08 Jul 2019
  |  
Dilihat : 17 kali

Langkah-Langkah yang Harus Dilakukan Ketika Kulit Terkena Benda atau Cairan Panas

Pada saat kita sedang memasak, terkadang kita tidak sengaja memegang panci atau peralatan masak yang masih panas ataupun terkena cipratan minyak pada saat menggoreng makanan. Atau ketika kita sedang naik motor, kaki kita tidak sengaja menyentuh knalpot panas yang akhirnya akan menyebabkan luka bakar ringan pada kulit.
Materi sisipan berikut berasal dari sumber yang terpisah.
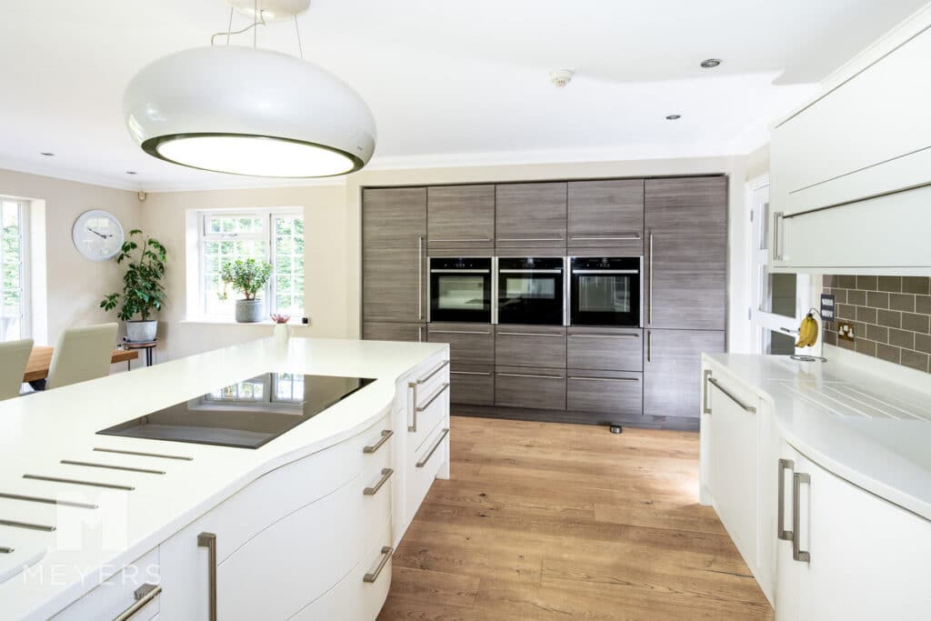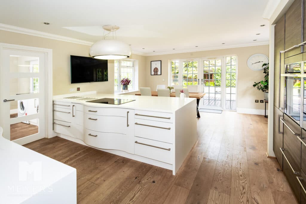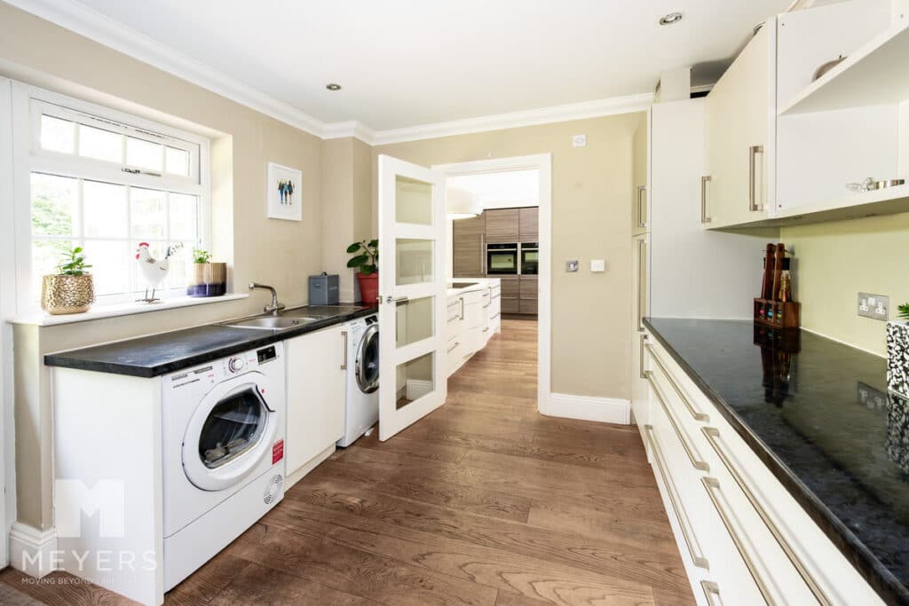 A part glazed internal door from the hallway leads into the kitchen/breakfast/dining room which has been fitted with a modern and high specification kitchen with a central island and breakfast bar which accommodates four/five stools. The comprehensive kitchen offers a range of matt white floor units with a Corian worksurface over with an inset sink and drainer, tiled splash back and hinged wall cupboards over and features a hot water Quooker tap and integral dishwasher. The island has been fitted with a five ring Bosch induction hob and motorised Elica extractor over. A further bank of wall mounted units are finished in a contrasting wood grain ash grey colour, and fitted with a full length fridge and freezer, pull out pan drawers and mid height Neff appliances include a single oven, combination microwave oven, warming drawer and steamer oven.

Di Indonesia, jika seseorang terkena luka bakar, ia pasti akan mengoleskan mentega atau odol pada luka tersebut. Padahal cara itu merupakan cara yang salah. Menurut para ahli di Sanjay Gandhi Post Graduate Institute of Medical Sciences, membalurkan odol justru bisa memperparah luka karena odol mengandung mint dan kalsium yang berisiko memperluas infeksi dan membahayakan jaringan kulit. Sedangkan mentega akan menghalangi sirkulasi udara pada luka yang akan membuat suhu panas terjebak di dalam dan lapisan kulit akan semakin terbakar. Apa kalian masih bingung bagaimana cara mengobati luka bakar yang benar? Yuk simak tips pertolongan pertama di bawah ini jika kalian mengalami luka bakar.

 

1. Siram luka bakar dengan air yang mengalir

Hal sederhana yang bisa kita lakukan ketika terkena luka bakar yaitu dengan menyiram bagian tubuh yang terluka dengan air mengalir selama 20 menit. Hal tersebut dilakukan untuk menghilangkan panas dan nyeri. Perlu diingat, air yang digunakan haruslah air biasa. Jangan merendam luka atau menyiram dengan air dingin karena dapat memicu kerusakan jaringan tubuh dan membuat luka semakin dalam karena perubahan suhu secara tiba-tiba.

 

2. Jika tidak ada air mengalir, kompres luka bakar dengan kain basah

Kompres luka bakar dengan kain basah dengan selama 15 menit untuk menghilangkan panas dan mengurangi rasa sakit. Gunakanlah air biasa, jangan yang terlalu dingin karena air dingin akan membuat luka menjadi iritasi.

 

3. Oleskan lidah buaya pada luka bakar

Penelitian menunjukkan bukti bahwa lidah buaya efektif dalam menyembuhkan luka bakar tingkat satu sampai tingkat dua. Lidah buaya bermanfaat sebagai anti-inflamasi, meningkatkan sirkulasi udara, dan menghambat pertumbuhan bakteri.

 

Oleskan gel lidah buaya murni yang diambil dari daun tanaman lidah buaya langsung pada luka bakar. Jika kamu membeli gel lidah buaya di toko, pastikan kandungan persentase lidah buayanya tinggi dan hindari produk yang memiliki zat tambahan, terutama pewarna dan parfum.

 

4. Gunakan madu

Selain untuk diminum, ternyata madu mempunyai manfaat anti inflamasi jika kita oleskan pada luka bakar. Selain anti inflamasi, madu juga anti bakteri dan anti jamur sehingga dapat membantu menyembuhkan luka bakar ringan secara alami.

 

5. Lindungi dari infeksi

Memecah bagian kulit yang melepuh dapat menyebabkan infeksi. Selain itu, jangan menggunakan minyak karena minyak juga dapat menyebabkan infeksi. Jika kulit yang melepuh itu pecah, bersihkan area dengan air dan oleskan salep antibiotik. Tutup luka dengan perban atau kain bersih.

 

Periksakan ke dokter jika luka bakar menunjukkan tanda-tanda infeksi seperti meningkatnya rasa sakit, kemerahan, bengkak, demam, atau mengeluarkan cairan. Dokter akan memberikan antibiotik dan obat penghilang rasa sakit.